• Action item:
All lines below between the line with "It involves a" and the line with "50種類のボールペンの中から", including both, must be copied exactly, and the pictures must be omitted.

---------- Supplied entries

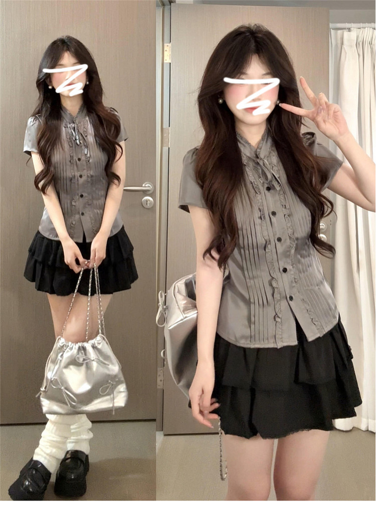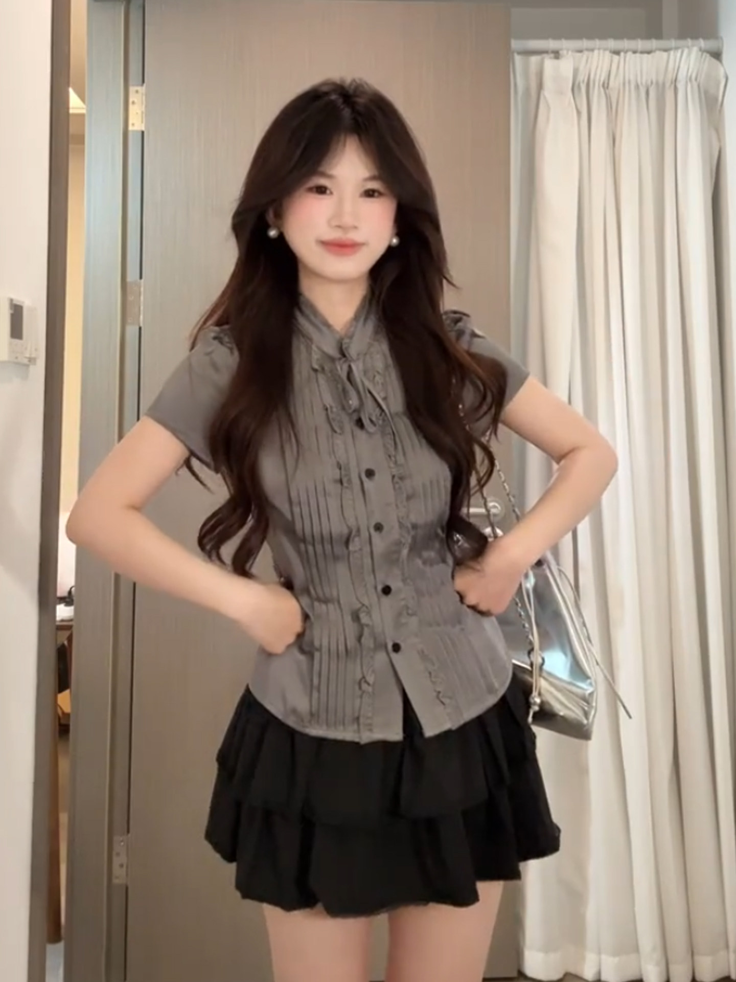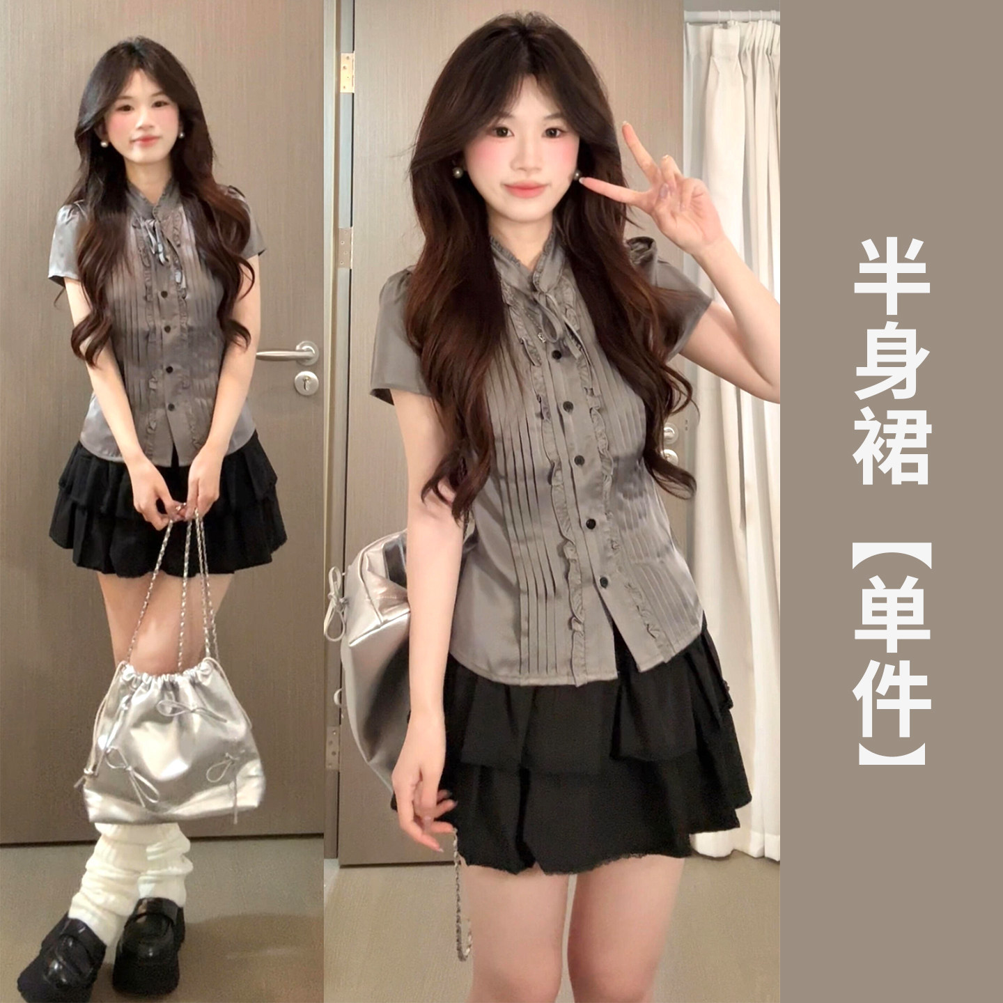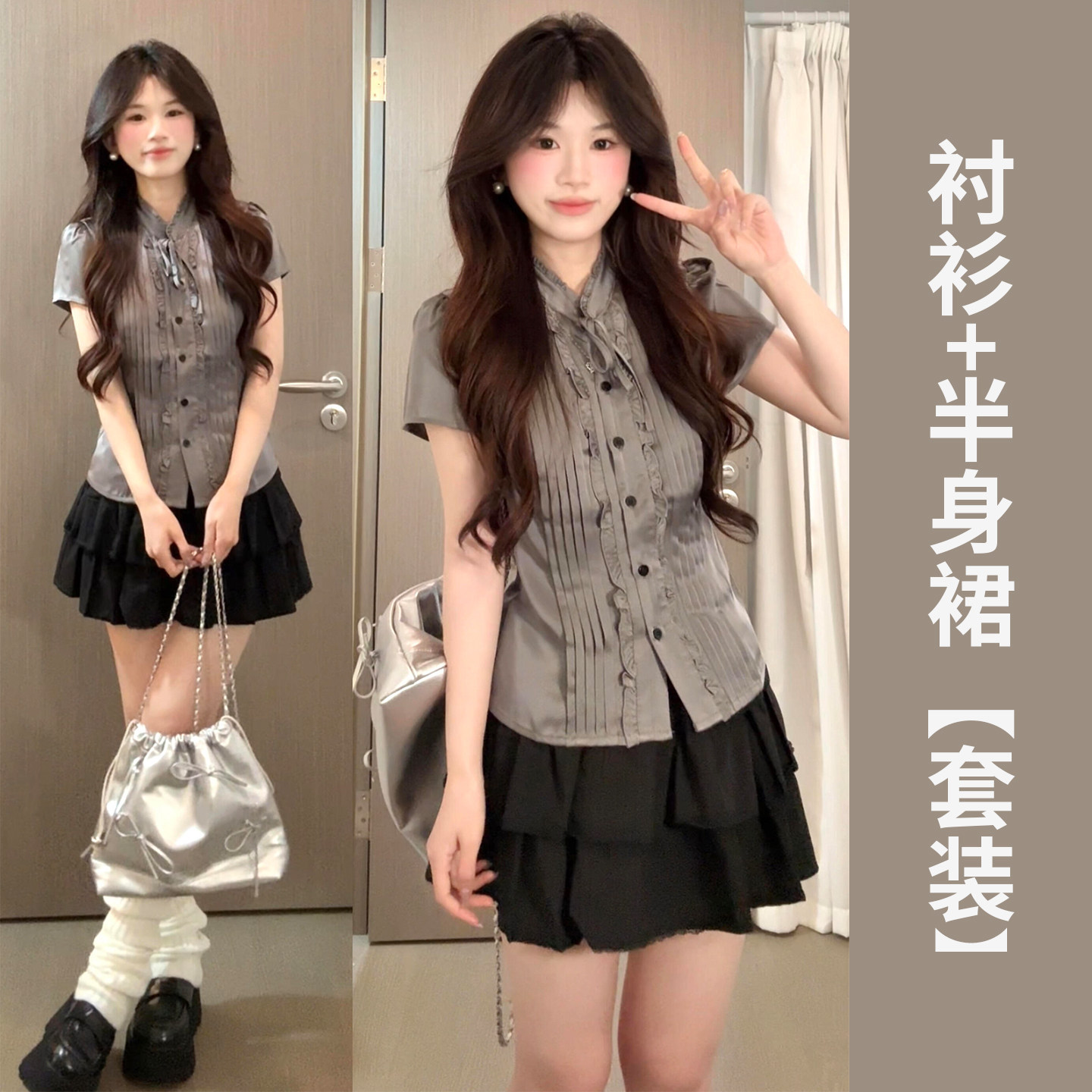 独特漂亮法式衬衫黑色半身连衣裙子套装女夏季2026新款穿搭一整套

--------------------
---------- Supplied entries

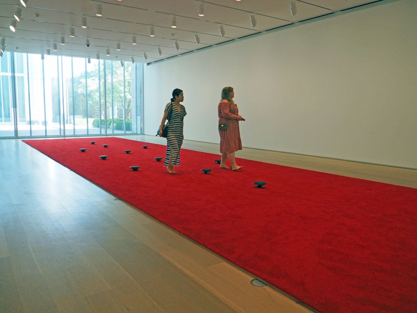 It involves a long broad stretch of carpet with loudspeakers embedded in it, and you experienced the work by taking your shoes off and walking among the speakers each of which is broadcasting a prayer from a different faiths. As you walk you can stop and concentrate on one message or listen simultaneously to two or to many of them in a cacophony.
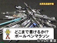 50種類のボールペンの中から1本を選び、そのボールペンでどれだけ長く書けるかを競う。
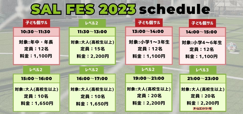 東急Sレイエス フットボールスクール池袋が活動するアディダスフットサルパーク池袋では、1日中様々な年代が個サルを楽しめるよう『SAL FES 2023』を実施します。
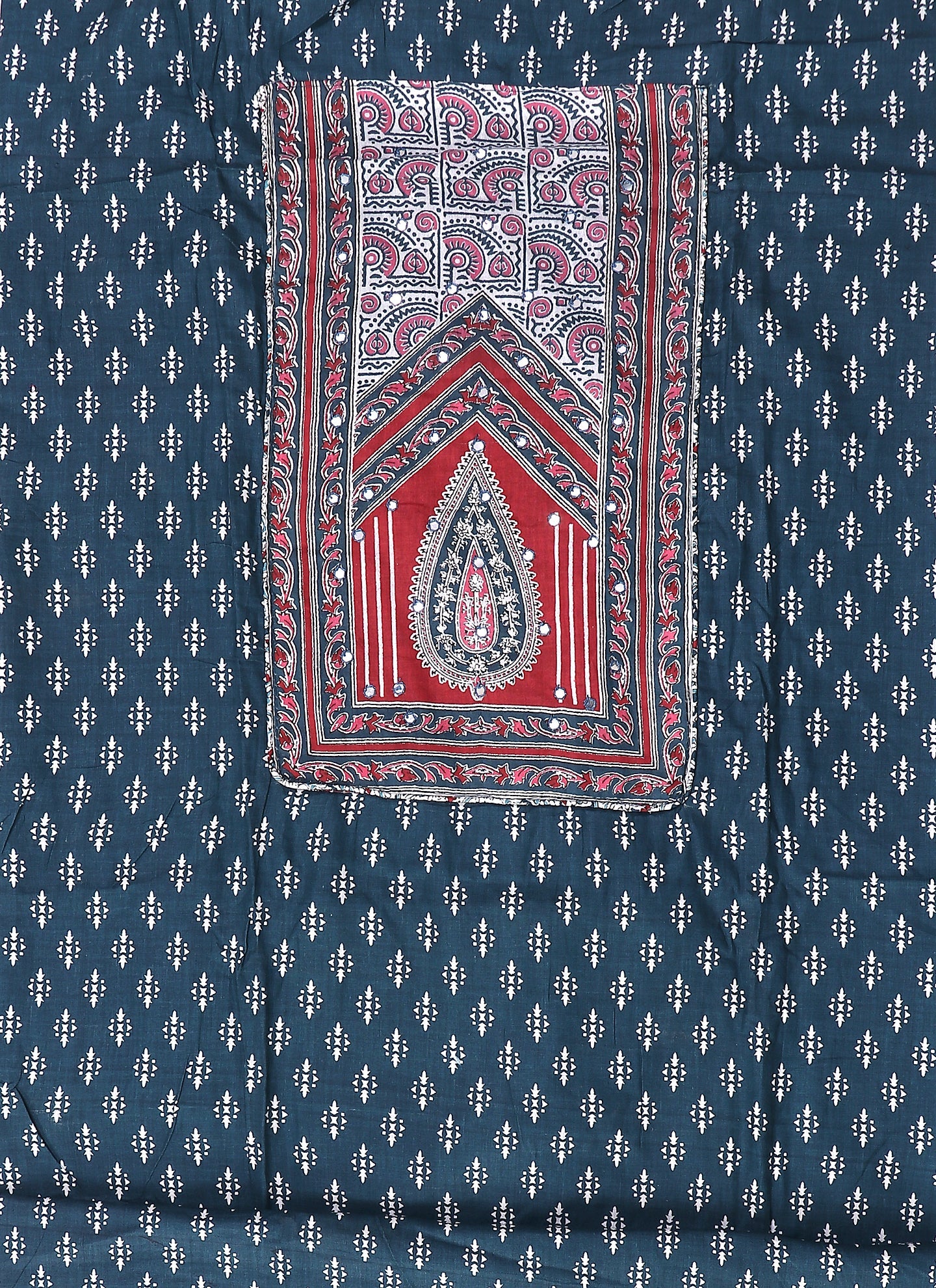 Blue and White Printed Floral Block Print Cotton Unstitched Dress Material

--------------------

• Exercise response:
 It involves a long broad stretch of carpet with loudspeakers embedded in it, and you experienced the work by taking your shoes off and walking among the speakers each of which is broadcasting a prayer from a different faiths. As you walk you can stop and concentrate on one message or listen simultaneously to two or to many of them in a cacophony.
 50種類のボールペンの中から1本を選び、そのボールペンでどれだけ長く書けるかを競う。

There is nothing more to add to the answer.